BRIEF DESCRIPTION OF THE DRAWINGS
FIG. 1 is a perspective view of a conductor engaging connector
formed from a wire in accordance with an embodiment of this
invention;
FIG. 1A is a perspective view of a conductor engaging connector
stamped from sheet metal in accordance with an embodiment of this
invention;
FIG. 2 is a cross-sectional view taken along section line II--II of
FIG. 1;
FIG. 3 is a frontal elevation view of a base member in accordance
with an embodiment of this invention;
FIG. 4 is a plan view of a base member in accordance with an
embodiment of this invention;
FIG. 5 is a cross-sectional view along section line V--V of FIG.
3;
FIG. 6 is a cross-sectional view along section line VI--VI of FIG.
3;
FIG. 7 is a cross-sectional view along section line VII--VII of
FIG. 3;
FIG. 8 is a cross-sectional view along section line VIII--VIII of
FIG. 4;
FIG. 9 is a cross-sectional view along section line IX--IX of FIG.
4;
FIG. 10 is a frontal elevation view of a base member in accordance
with an embodiment of this invention;
FIG. 11 is a partial cross-sectional view as in FIG. 6 with the
addition of a conductor in accordance with an embodiment of this
invention;
FIG. 12 is a partial cross-sectional view as in FIG. 9 with the
addition of conductors in accordance with an embodiment of this
invention;
FIG. 13 is a plan view of a base member with the addition of
crossing conductors in accordance with an embodiment of this
invention;
FIG. 14 is a perspective view of a modular base comprised of
segments in accordance with an embodiment of this invention;
and
FIG. 15 is an exploded perspective view of an electrical connector
assembly having a base, a connector and wires to be electrically
connected in accordance with an embodiment of the invention.
DETAILED DESCRIPTION
Referring to the drawings, FIG. 15 shows an exploded perspective
view of a conductor engaging connector 10 which is configured and
aligned to be inserted into a base member 20 through connector
positioning slots 22 and 24. Base member 20 also has conductor
positioning openings 26, 28 and 30 having their axes aligned in the
same plane and passing partly between and partly through connector
positioning slots 22 and 24. Conductors 26a, 28a and 30a are
aligned to be inserted into conductor positioning openings 26, 28
and 30, respectively. Conductors 26a, 28a and 30a can be of the
same wire size, or, as shown in FIG. 15, can be of different sizes.
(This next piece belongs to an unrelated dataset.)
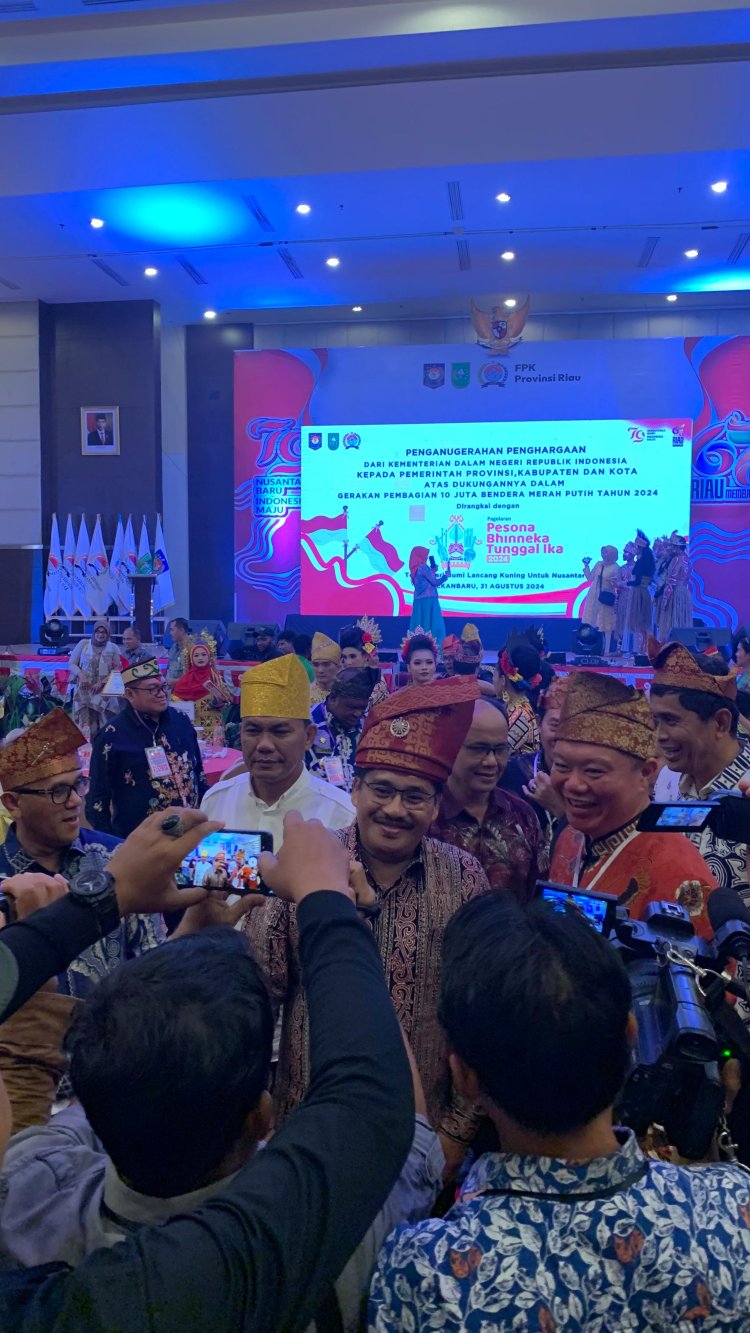 LINTASTIMURMEDIA.COM - Pekanbaru - 31 Agustus 2024 - Pemerintah Kota Pekanbaru akan menggelar acara bertajuk "Pesona Bhinneka Tunggal Ika" yang juga akan menjadi ajang Penganugerahan Penghargaan Gerakan Pembagian 10 Juta Bendera Merah Putih 2024 oleh Kementerian Dalam Negeri (Kemendagri) Republik Indonesia. Acara yang berlangsung pada Sabtu, 31 Agustus 2024 pukul 19.00 WIB di Ballroom Hotel Grand Central, Jalan Sudirman, Pekanbaru ini mengangkat tema "Dari Bumi Lancang Kuning untuk Nusantara" yang bertujuan untuk memperkuat semangat persatuan dan kesatuan bangsa.

In either case, the connector assembly including connector 10 and
base member 20 can cooperate to electrically connect wires 26a, 28a
and 30a to each other. The two legs are spaced from each along the
axis of a conductor positioning means. Accordingly, each leg can,
if desired, intersect more than half the cross section of a
conductor positioning opening without cutting a conductor in the
opening into two pieces. Although each leg can intersect less than
half of the cross section of the conductor positioning means,
intersecting at least half of the cross section is advantageous
because then no conductor will be too thin to be engaged by the
connector.
Connector 10 has a U-shaped junction area 11 connecting legs 12 and
13 having pointed ends 14 and 15, respectively. Legs 12 and 13 of
connector 10 are rounded outwardly from the center of connector 10
to form points 14 and 15. Connector 10 can be formed from a wire
stock having a rectangular cross section and bent at junction area
11. FIG. 1A shows as an alternative embodiment a connector 10a
which is stamped from sheet metal and has a slightly squared off
U-shaped junction area. Connector 10 has an engaging means along
the length of its leg for contacting a conductor. As shown in FIG.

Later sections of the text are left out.